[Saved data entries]
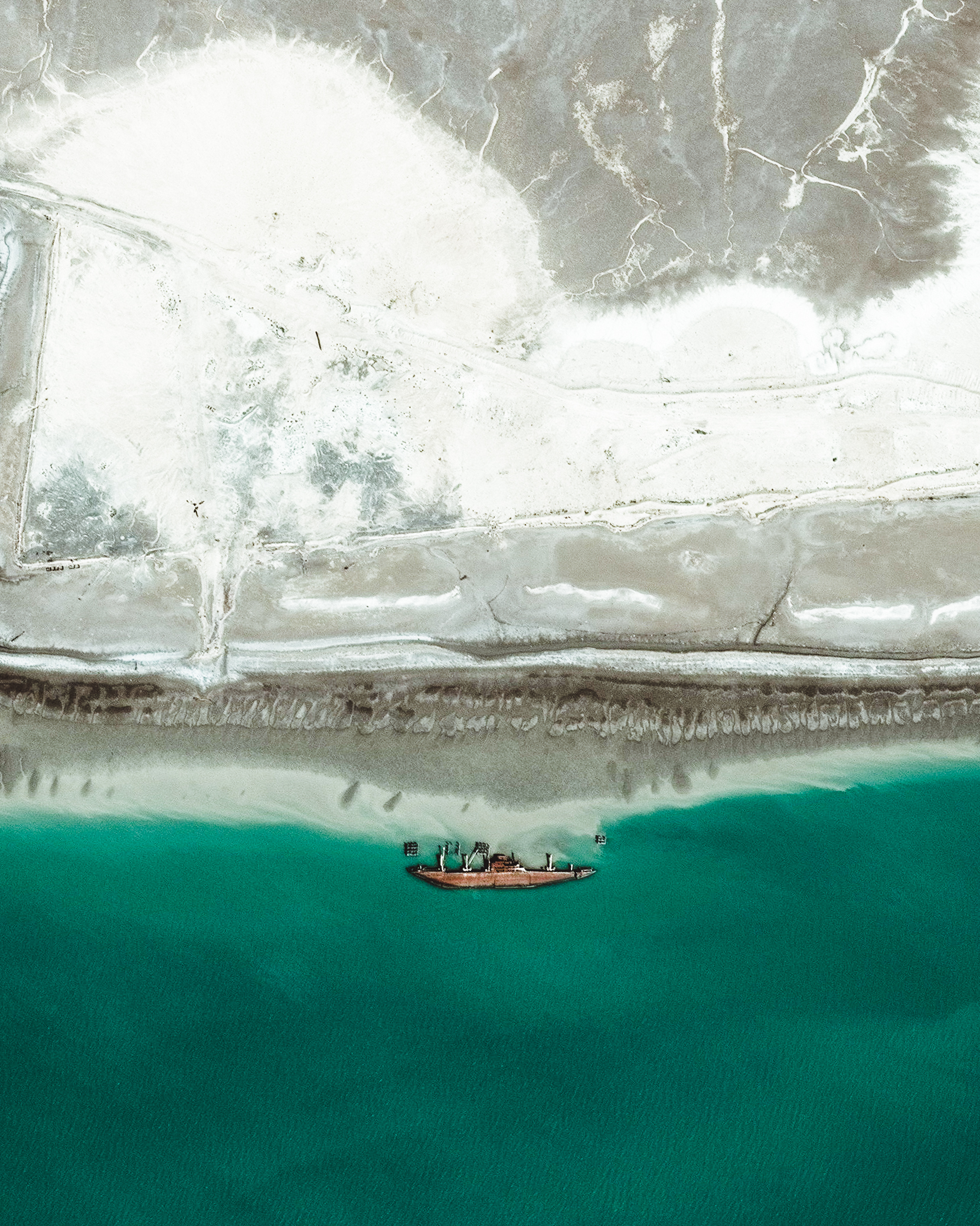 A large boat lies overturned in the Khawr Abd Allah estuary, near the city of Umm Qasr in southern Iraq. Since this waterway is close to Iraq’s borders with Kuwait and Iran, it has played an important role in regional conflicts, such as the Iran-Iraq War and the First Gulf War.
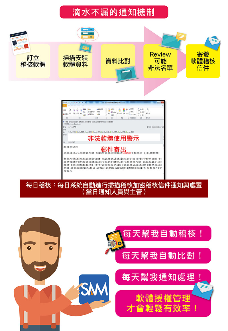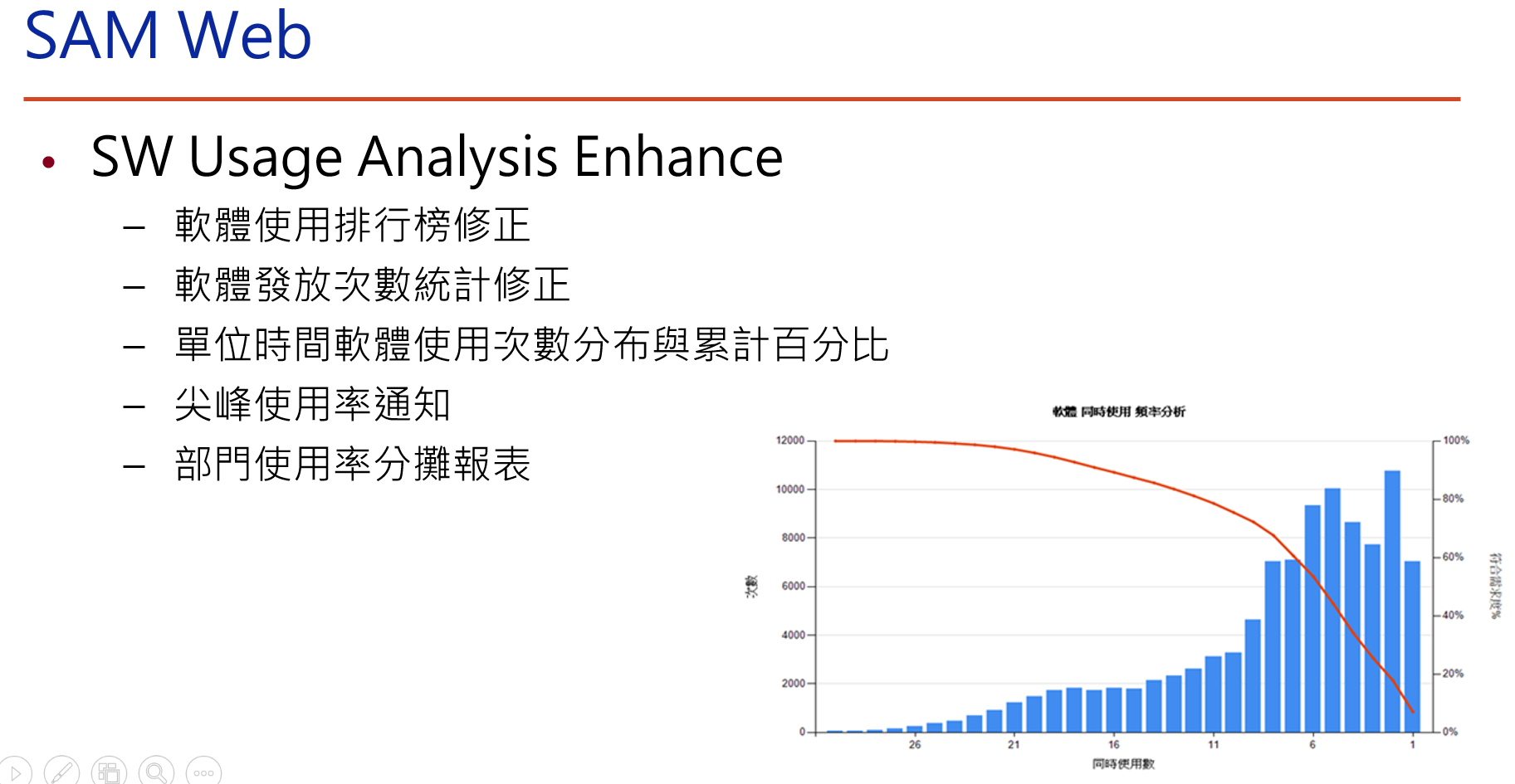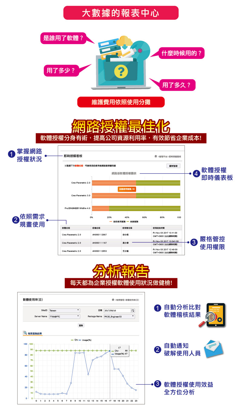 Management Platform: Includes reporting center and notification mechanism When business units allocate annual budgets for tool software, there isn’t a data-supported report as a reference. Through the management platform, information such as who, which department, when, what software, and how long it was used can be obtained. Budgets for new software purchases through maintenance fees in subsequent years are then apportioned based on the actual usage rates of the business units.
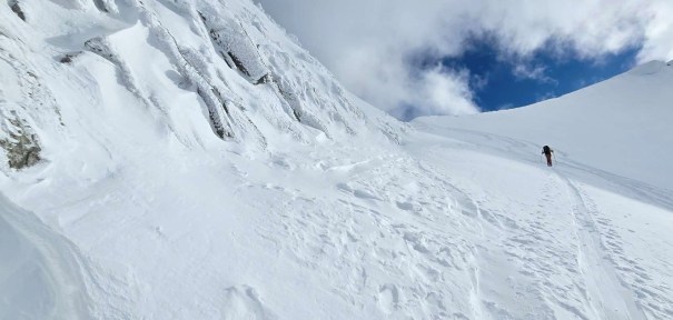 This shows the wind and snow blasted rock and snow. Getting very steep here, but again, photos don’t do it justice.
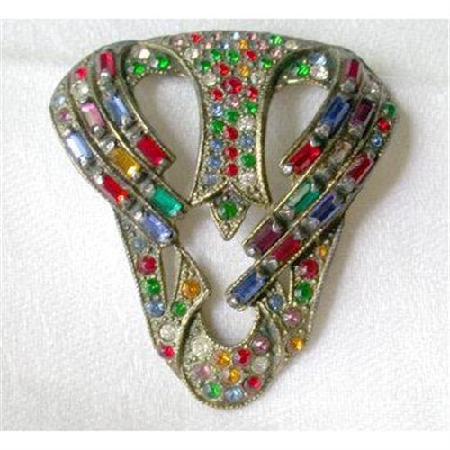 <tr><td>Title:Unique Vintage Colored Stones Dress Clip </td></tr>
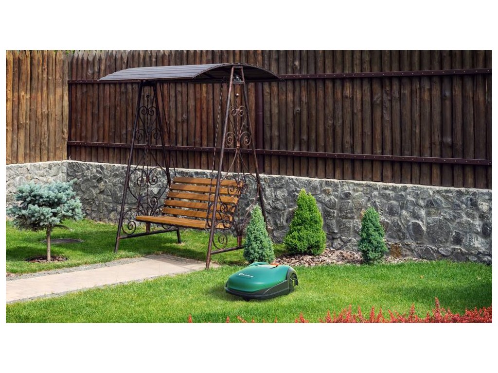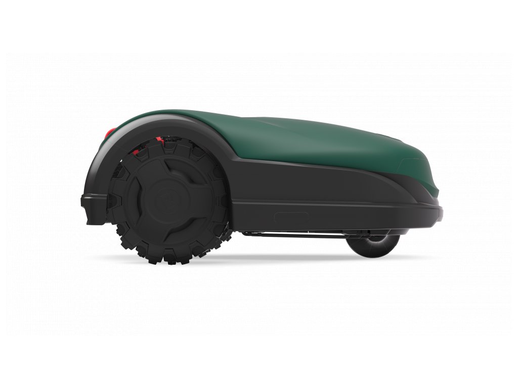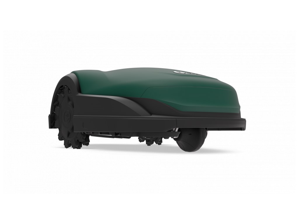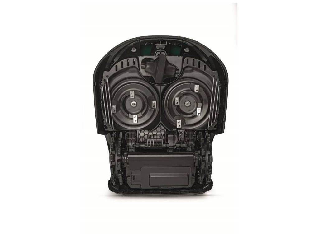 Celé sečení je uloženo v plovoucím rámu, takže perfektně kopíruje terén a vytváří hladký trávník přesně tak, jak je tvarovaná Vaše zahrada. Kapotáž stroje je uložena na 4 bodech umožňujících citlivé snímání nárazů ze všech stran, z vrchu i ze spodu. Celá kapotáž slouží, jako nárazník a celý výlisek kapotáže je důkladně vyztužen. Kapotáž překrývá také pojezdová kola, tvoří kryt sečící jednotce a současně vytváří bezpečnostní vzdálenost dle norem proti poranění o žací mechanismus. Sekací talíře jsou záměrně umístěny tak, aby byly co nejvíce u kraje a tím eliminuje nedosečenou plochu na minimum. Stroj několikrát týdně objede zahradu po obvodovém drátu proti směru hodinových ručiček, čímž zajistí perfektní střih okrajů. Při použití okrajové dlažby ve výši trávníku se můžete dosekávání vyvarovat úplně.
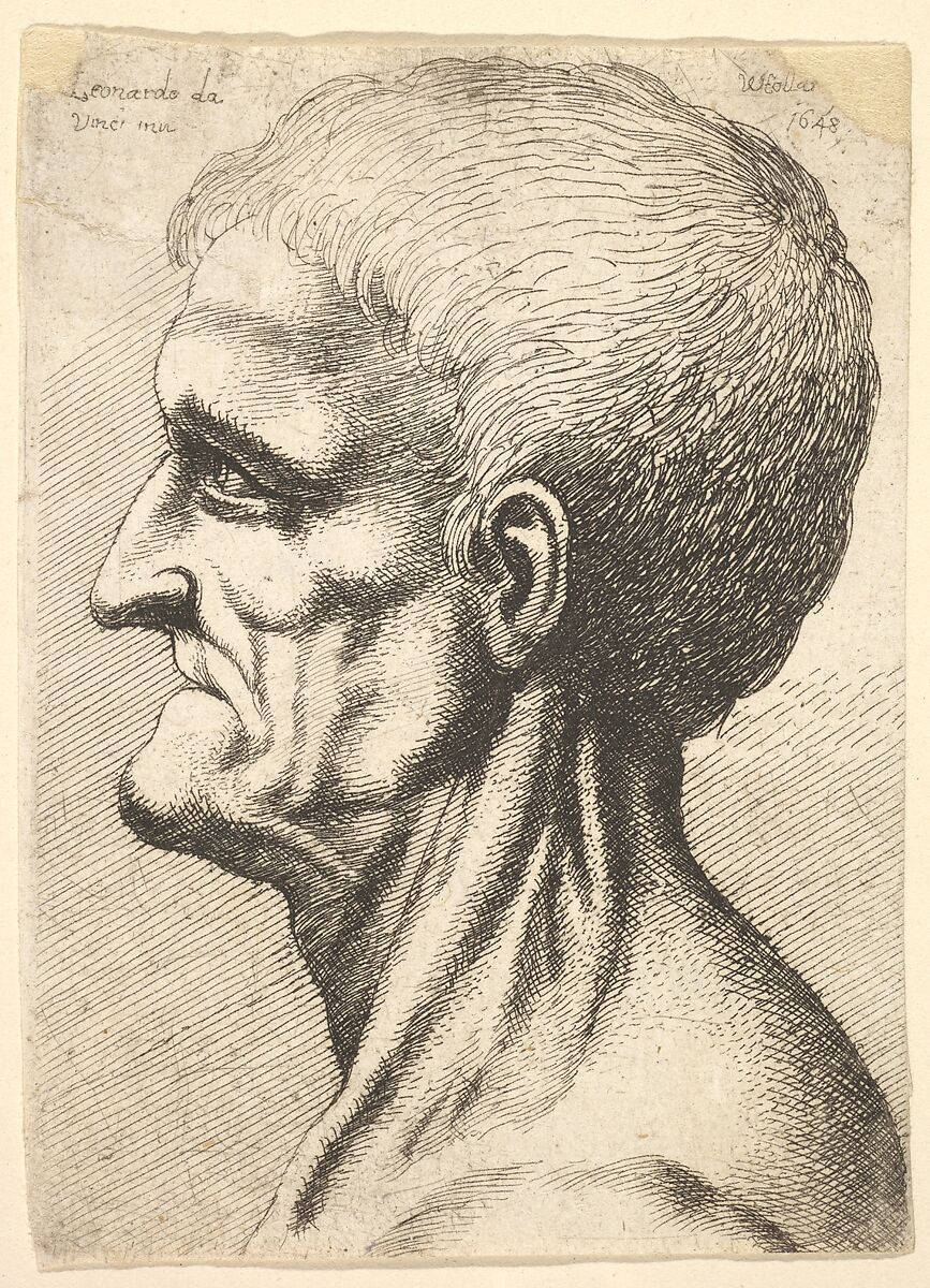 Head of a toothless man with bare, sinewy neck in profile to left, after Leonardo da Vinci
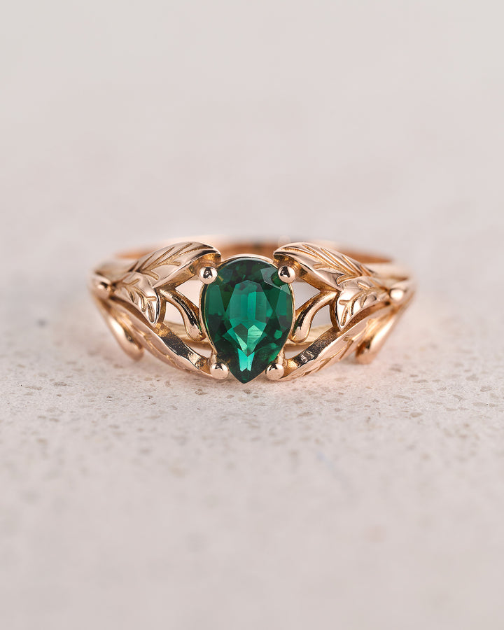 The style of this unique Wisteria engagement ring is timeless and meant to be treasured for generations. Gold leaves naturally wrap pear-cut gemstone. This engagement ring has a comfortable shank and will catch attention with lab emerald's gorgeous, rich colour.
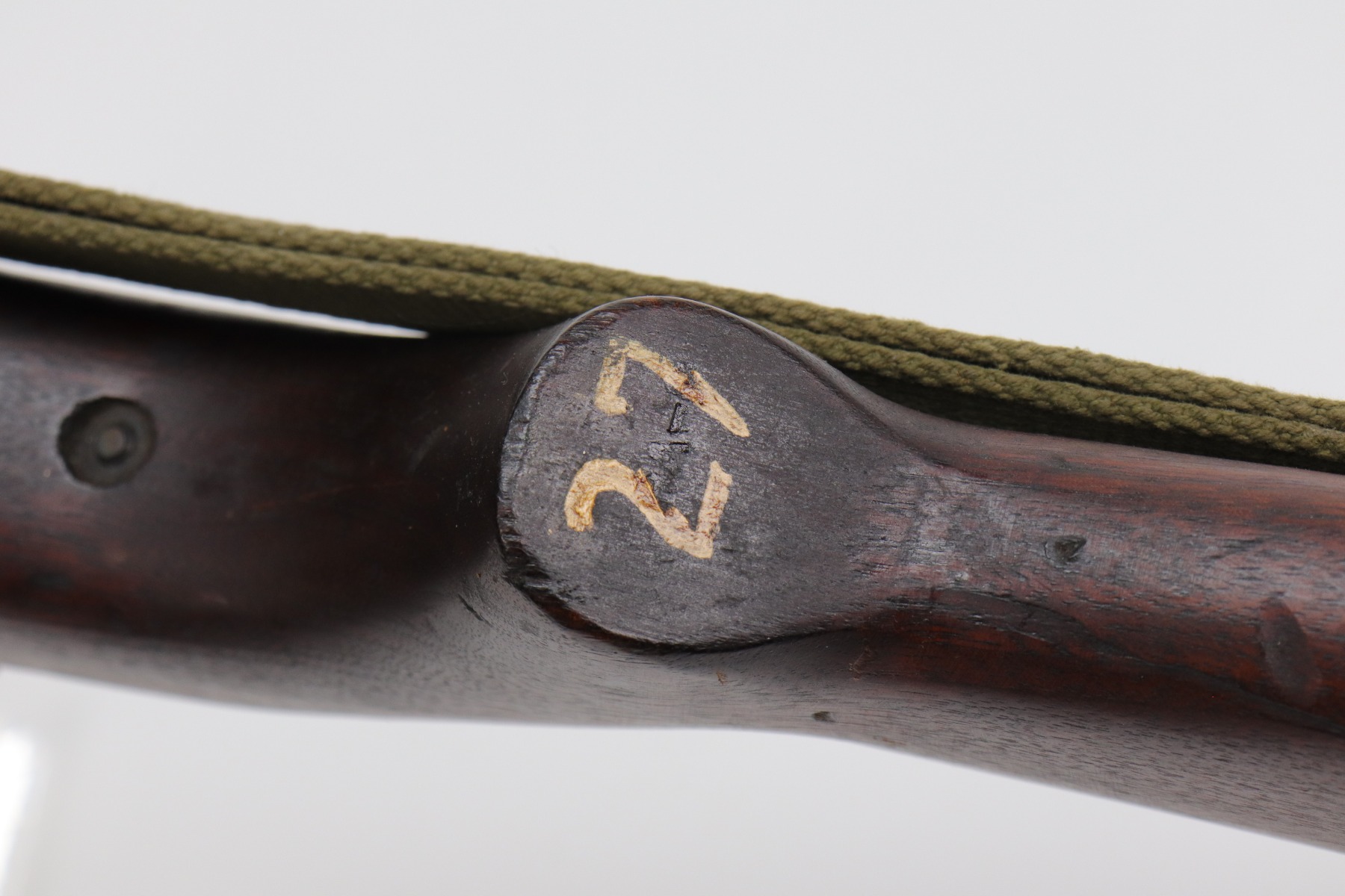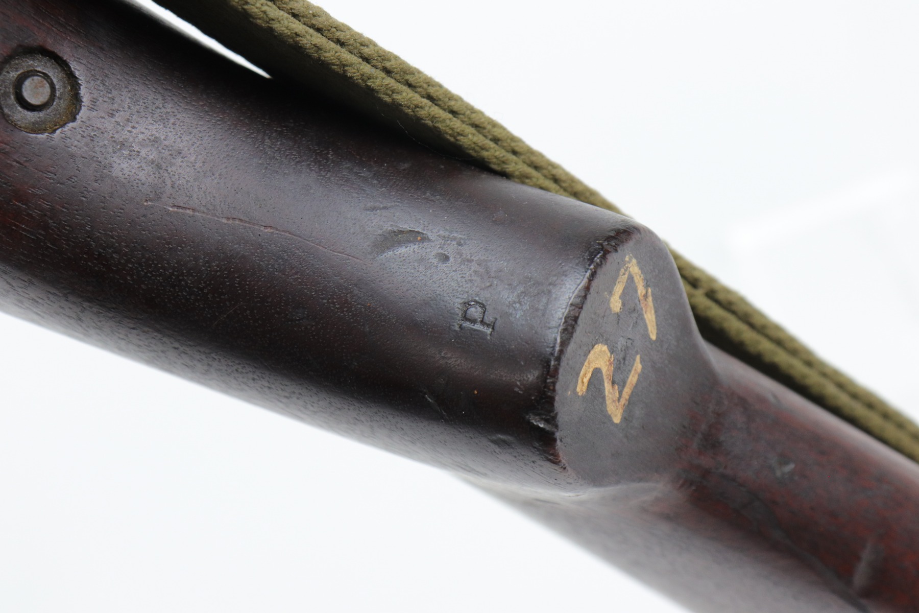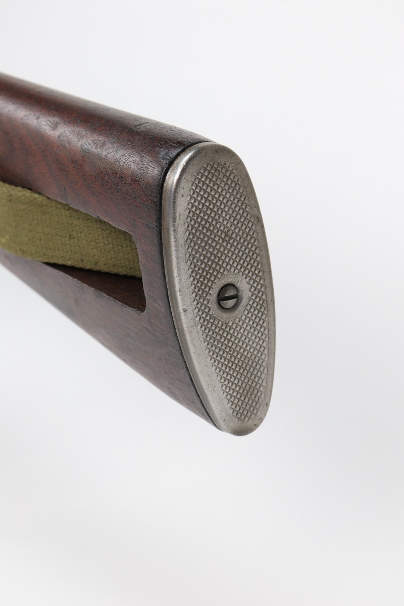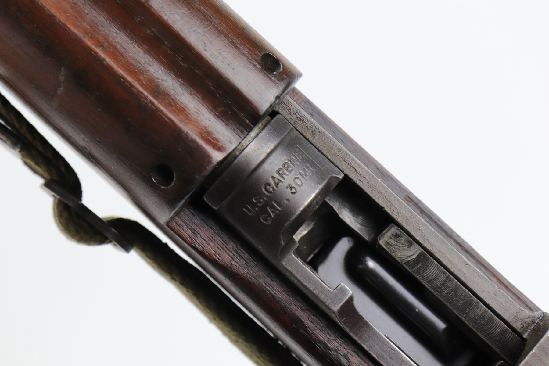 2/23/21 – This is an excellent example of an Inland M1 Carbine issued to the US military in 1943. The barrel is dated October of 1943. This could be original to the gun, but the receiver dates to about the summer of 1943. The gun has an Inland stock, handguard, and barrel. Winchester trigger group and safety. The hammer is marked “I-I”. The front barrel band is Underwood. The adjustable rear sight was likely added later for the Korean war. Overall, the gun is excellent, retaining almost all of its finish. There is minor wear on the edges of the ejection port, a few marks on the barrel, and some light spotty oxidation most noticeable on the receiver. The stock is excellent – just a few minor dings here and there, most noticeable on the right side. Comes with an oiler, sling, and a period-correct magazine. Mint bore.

> **Task goal**
Reproduce the data exactly as it appears above. Pictures are to be left out.

> **Solution**
 A large boat lies overturned in the Khawr Abd Allah estuary, near the city of Umm Qasr in southern Iraq. Since this waterway is close to Iraq’s borders with Kuwait and Iran, it has played an important role in regional conflicts, such as the Iran-Iraq War and the First Gulf War.
 Management Platform: Includes reporting center and notification mechanism When business units allocate annual budgets for tool software, there isn’t a data-supported report as a reference. Through the management platform, information such as who, which department, when, what software, and how long it was used can be obtained. Budgets for new software purchases through maintenance fees in subsequent years are then apportioned based on the actual usage rates of the business units.
 This shows the wind and snow blasted rock and snow. Getting very steep here, but again, photos don’t do it justice.
 <tr><td>Title:Unique Vintage Colored Stones Dress Clip </td></tr>
 Celé sečení je uloženo v plovoucím rámu, takže perfektně kopíruje terén a vytváří hladký trávník přesně tak, jak je tvarovaná Vaše zahrada. Kapotáž stroje je uložena na 4 bodech umožňujících citlivé snímání nárazů ze všech stran, z vrchu i ze spodu. Celá kapotáž slouží, jako nárazník a celý výlisek kapotáže je důkladně vyztužen. Kapotáž překrývá také pojezdová kola, tvoří kryt sečící jednotce a současně vytváří bezpečnostní vzdálenost dle norem proti poranění o žací mechanismus. Sekací talíře jsou záměrně umístěny tak, aby byly co nejvíce u kraje a tím eliminuje nedosečenou plochu na minimum. Stroj několikrát týdně objede zahradu po obvodovém drátu proti směru hodinových ručiček, čímž zajistí perfektní střih okrajů. Při použití okrajové dlažby ve výši trávníku se můžete dosekávání vyvarovat úplně.
 Head of a toothless man with bare, sinewy neck in profile to left, after Leonardo da Vinci
 The style of this unique Wisteria engagement ring is timeless and meant to be treasured for generations. Gold leaves naturally wrap pear-cut gemstone. This engagement ring has a comfortable shank and will catch attention with lab emerald's gorgeous, rich colour.
 2/23/21 – This is an excellent example of an Inland M1 Carbine issued to the US military in 1943. The barrel is dated October of 1943. This could be original to the gun, but the receiver dates to about the summer of 1943. The gun has an Inland stock, handguard, and barrel. Winchester trigger group and safety. The hammer is marked “I-I”. The front barrel band is Underwood. The adjustable rear sight was likely added later for the Korean war. Overall, the gun is excellent, retaining almost all of its finish. There is minor wear on the edges of the ejection port, a few marks on the barrel, and some light spotty oxidation most noticeable on the receiver. The stock is excellent – just a few minor dings here and there, most noticeable on the right side. Comes with an oiler, sling, and a period-correct magazine. Mint bore.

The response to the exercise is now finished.